Expressed genes were classified into different categories based on the type of gene regulatory divergence [7, 35, 36] (Fig. 3A, B, Table 1, Fig. S3-S5). Most genes exhibited conserved or ambiguous expression, as expected, considering the relatively recent divergence time of the two breeds investigated. More than 70%, 40%, and approximately 50% of the genes in the brain, liver, and muscle, respectively, were classified as conserved. Nonetheless, we observed substantial cis- and trans-variation in the hybrid crosses. There was a higher proportion of trans-regulated gene expression variations than cis-regulated gene expression in most tissues and across both sexes, particularly in muscle (Fig. 3C).

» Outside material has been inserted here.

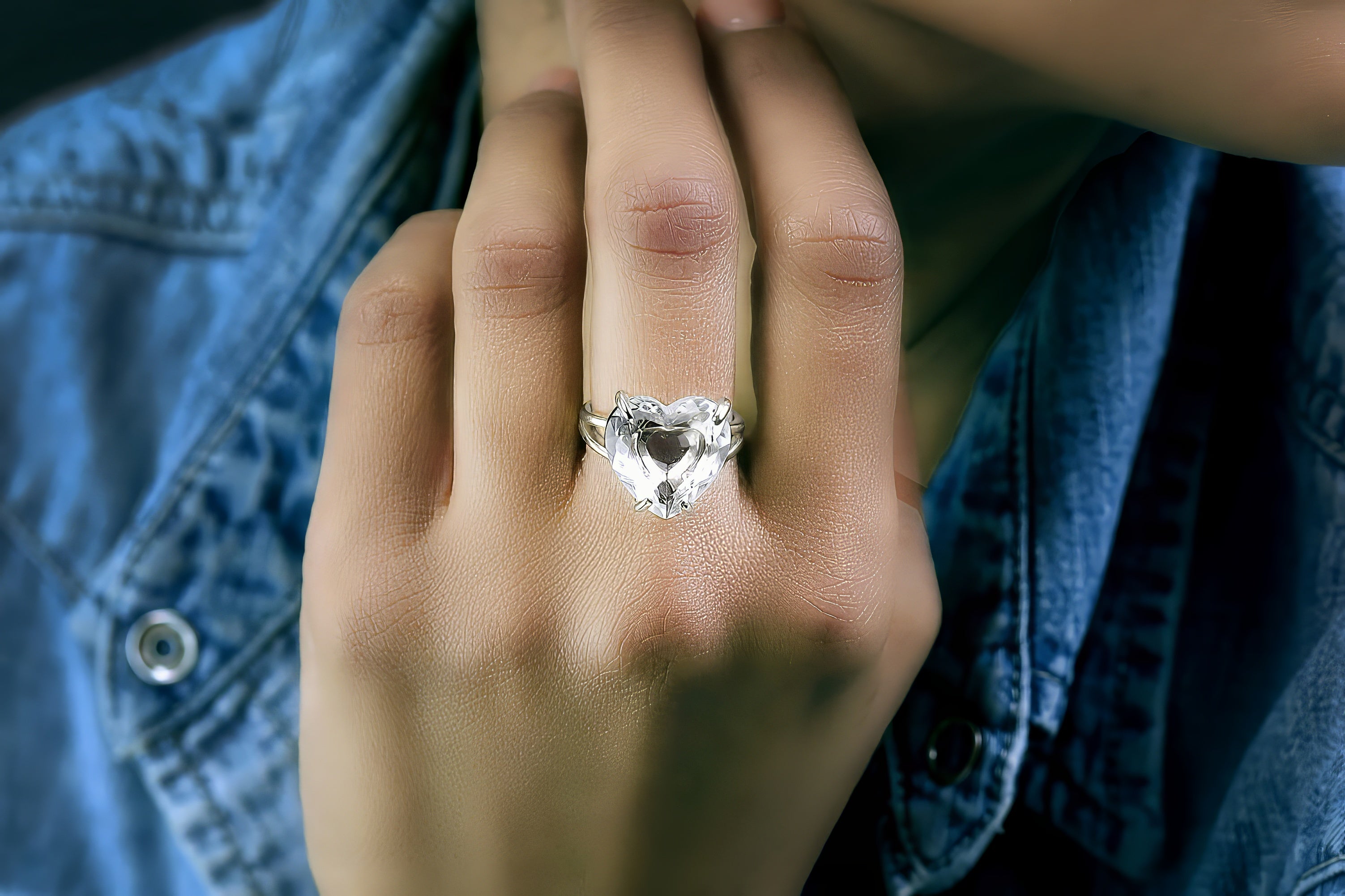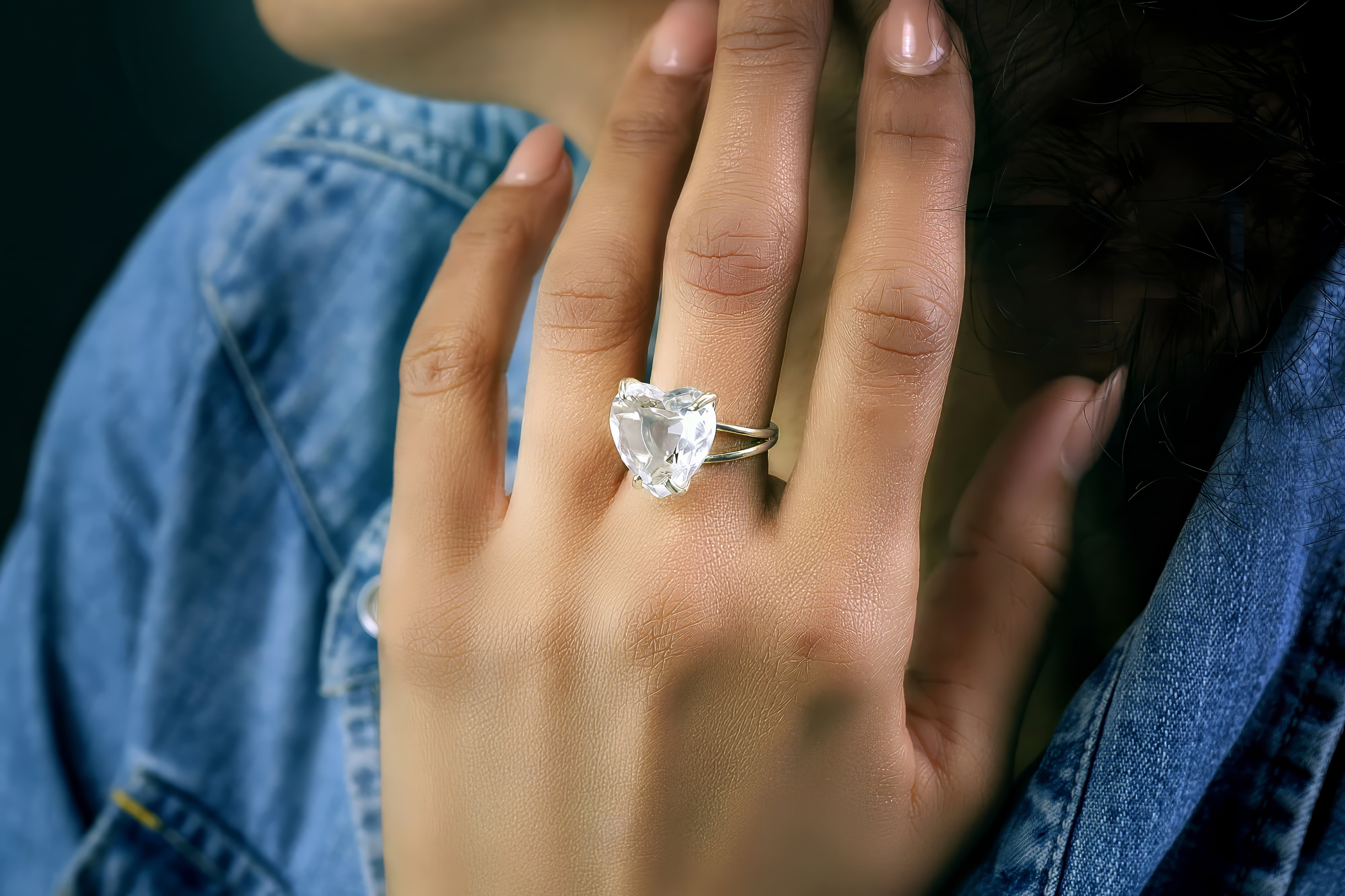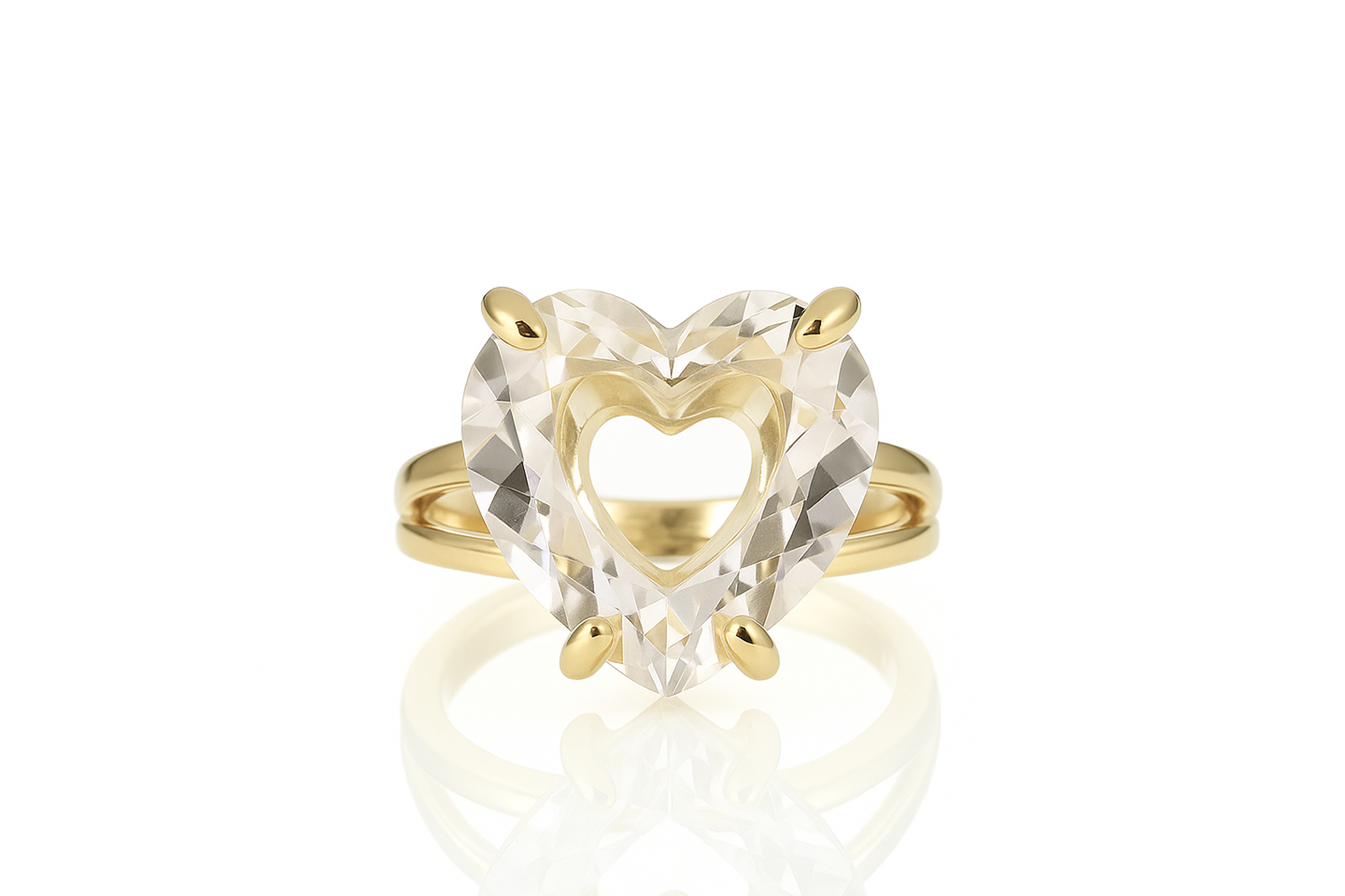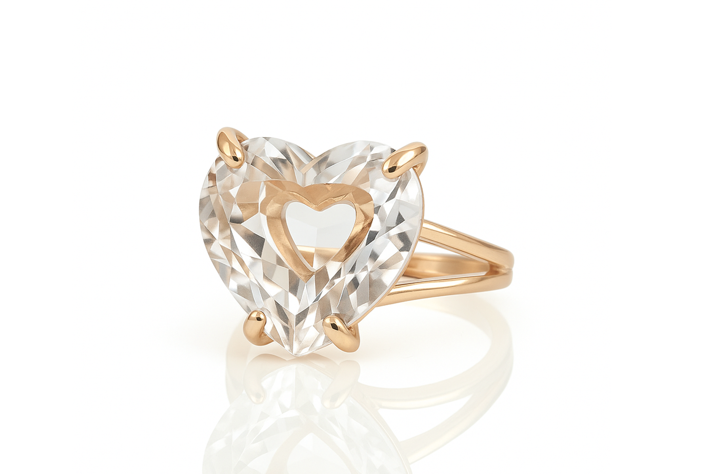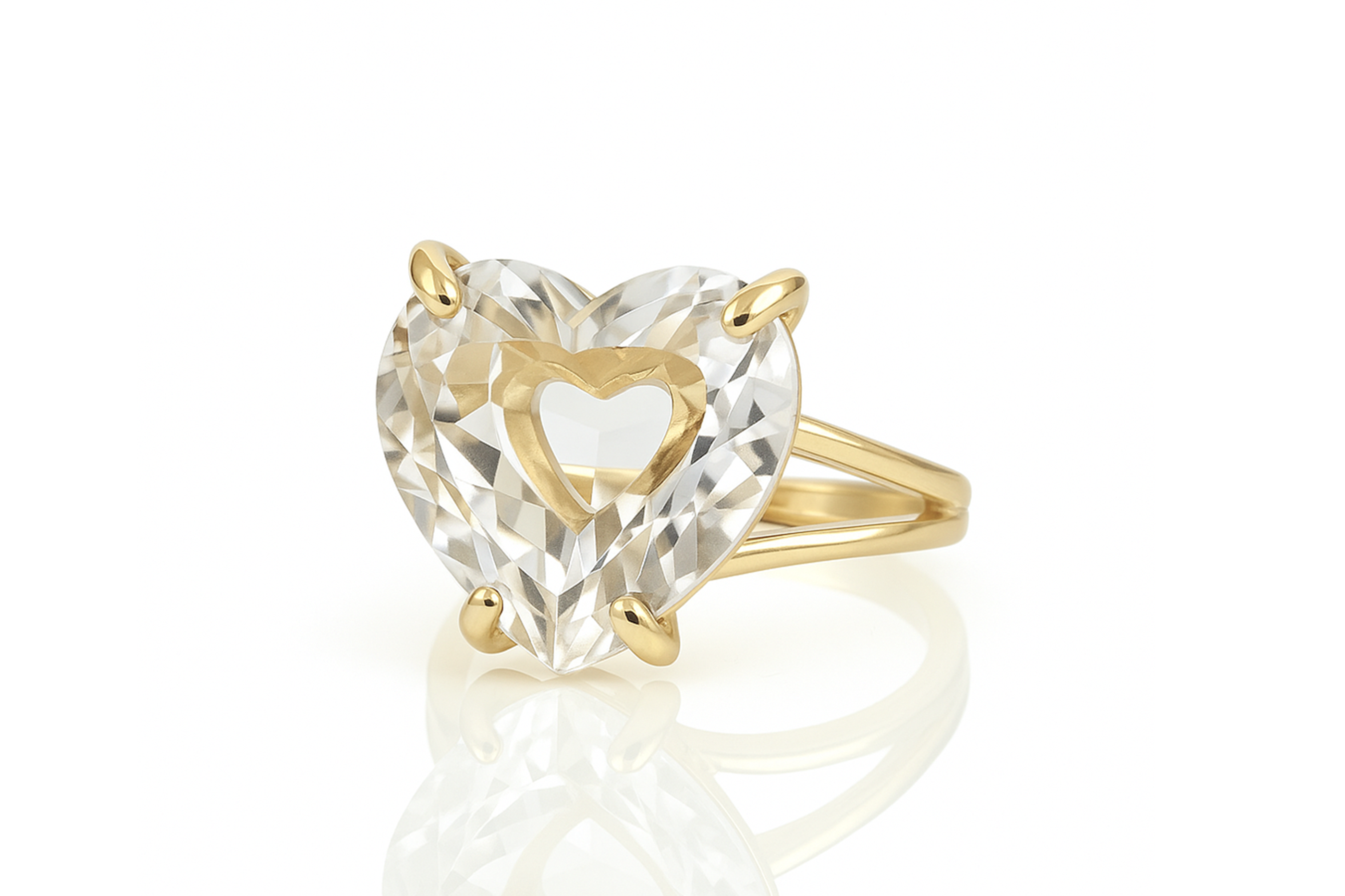 Crystal Quartz Heart-Cut Gold Statement Ring

Genes regulated by both cis- and trans-regulatory variations were divided into four categories, including “cis+trans (same)”, “cis+trans (opposite)”, “cis×trans”, and “compensatory”. Genes classified as “cis+trans (same)” show cis and trans-variations acting in a similar direction, while genes classified into the other three categories show cis and trans-variations acting in opposite directions, with different expression trends on the two alleles. We observed the latter pattern more frequently, and most genes were classified as “compensatory” (Fig. 3C).
The gene proportions in each regulatory category were similar among different tissues and between different sexes, except for some variation between the muscle and the other two tissues (Fisher’s exact test, Table S2). Unexpectedly, we observed only few loci with consistent cis- or trans-regulatory divergence across different groups (Fig. S6). The stable cis- or trans-regulatory divergence genes seem to play key roles in phenotypic divergence. For example, IGFBP2, TGFBI, PDGFRL, and IGF2R all showed significant expression bias between the two breeds investigated. The genes are associated with chicken growth, which could explain the difference in growth rate between the two breeds (Table S3).
Genes regulated by trans-acting variation exhibit greater sequence conservation
We counted the number of variants located 1 kb upstream of transcription start sites of each gene using the genome data of the four parents. The results showed greater variations upstream of cis-regulatory divergence genes than upstream of trans-acted genes in all samples (Fig. 4A).
The ratio of the number of non-synonymous SNPs to the number of synonymous SNPs (pN/pS) in the coding sequences of each gene was calculated in the present study. The pN/pS values in genes regulated by trans-variants were lower than the pN/pS values of genes regulated by cis-variants in all samples (Fig. 4B, Fig. S7–S8).